Ярость! Стежень прыгает, рвет ближайший занавес, рвет тьму и… НЕТ! Он отшатывается, смахивает с себя липнущие клочья, бежит, спотыкается, снова бежит… А-ах!

Глеб сидит на полу и размахивает коротким кривым ножом. И плачет.


«Только способ сборки, Стежень!»


Он прячет нож, развязывает сумку и вынимает маленький круглый предмет. На нем – лицо женщины. Миниатюра. Желтые волосы, розовые щеки, алые губы… Здесь не бывает таких цветов. Глеб плачет, но уже не от отчаянья – от счастья. И встает. И расправляет плечи. И медленно поворачивается. И взглядом сердца пронзает тысячелетние камни. И идет.

ОН ЗНАЕТ!

Паутина-завеса скукоживается, расползается, осыпается трухой. Каменный желоб. Запах копоти. Неровные плоскости стен сходятся над головой и под ногами.

Она лежит в щели, и тело ее белеет во тьме. Белеет лицо, плечи, груди…

Глеб наклоняется. Губы, ее холодны и мертвы. На них пыль… Глеб берет окаменевшее лицо в теплые ладони, он прикасается к неподвижным губам и чувствует языком пыль и прах. Пыль и прах… В груди отчаянно и тонко кричит птица.


«Иллюзия, Стежень. Только способ сборки!»


Глеб разжимает ладони, делает шаг назад, медленно расправляет сеть… и выпускает птицу на волю!

Ах, как она кричит! Как она рвется вверх, прочь! Глеб осязает ее ужас, но только туже затягивает сеть. Туже, еще туже!

Она больше не пробует вырваться, только смотрит огромными влажными синими глазами. И эта влага и синева значат больше, чем тысяча правильных слов.

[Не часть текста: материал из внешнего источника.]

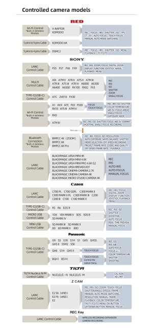- Vezeték nélküli távirányító RED Komodo, V-Raptor, Blackmagic Design BMPCC4K, BMPCC6K, BMPCC 6K Pro, Sony A7MIII, RX0, A1, A9II, A7C, FX3, FX30, RX10, A7SIII, A7MIV, A7SIII, A7C, FX3, FX30, RX10, A7SIII, A7MIV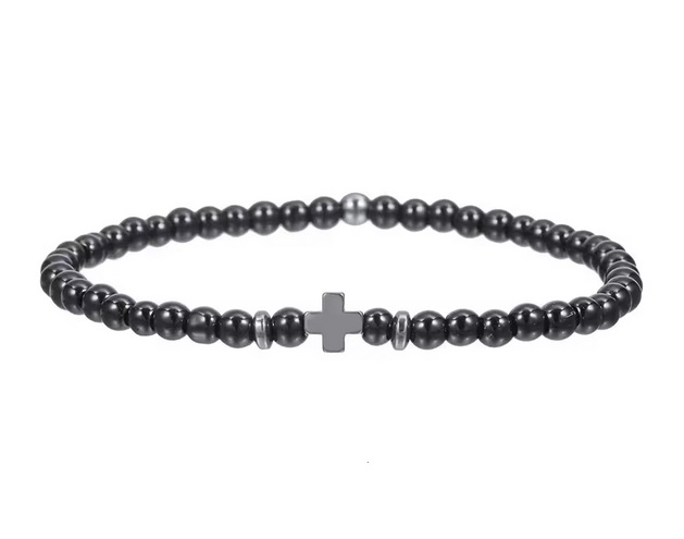 Originální, ručně vyrobený náramek z přírodního materiálu, doplněný křížkem. Tento stylový decentní náramek se hodí pro všechny příložitosti a stane se Vašim oblíbeným doplňkem. Železný kámen připomíná železo, je lesklý, pevný a nárámky vyrobeny z tohoto materiálu vypadají skvěle. Korálky jsou navlečeny na velmi pevné a odolné gumičce.

Глеб вскидывает ее на плечо и бежит, мерно, враскачку, как никогда не бегал |та|. Он бежит вверх, по коридорам, по лестницам, пока камень не обрывается в пропасть. Тогда он просто отталкивается от камня и летит. Над камнем, над черной водой, над бурой дорогой.

Неужели он просто так нас отпустит? Неужели отпустит?

Свобода пугает больше, чем испугало бы появление Врага.

Но освобожденная птица парит надо мной и кажется больше, чем весь этот проклятый мир. Свобода…


– Глеб!

Я с трудом открываю глаза, вижу Кира и снова смыкаю веки. Сил не осталось даже на то, чтобы смотреть.

– Глеб! Она умирает!

О Господи!

Я снова открываю глаза, пытаюсь встать и снова плюхаюсь на лежак. (Операционная? Как я здесь оказался?)

– Помоги же!


Кирилл подхватил меня под мышки, поставил на ноги. Нет, поставил – громко сказано, скорее, водрузил. Но я смог оглядеться и обнаружил, что она – тоже здесь. Спокойно, Стежень! Кое-как перебирая ногами (ходьбой это назвать нельзя), я добрался до холодильника, вынул из бюкса заранее заправленный шприц и попытался сделать себе инъекцию. Кирилл перехватил мою трясущуюся руку, закатал рукав и довольно ловко поймал вену. Надо же, не знал, что у него подобные навыки.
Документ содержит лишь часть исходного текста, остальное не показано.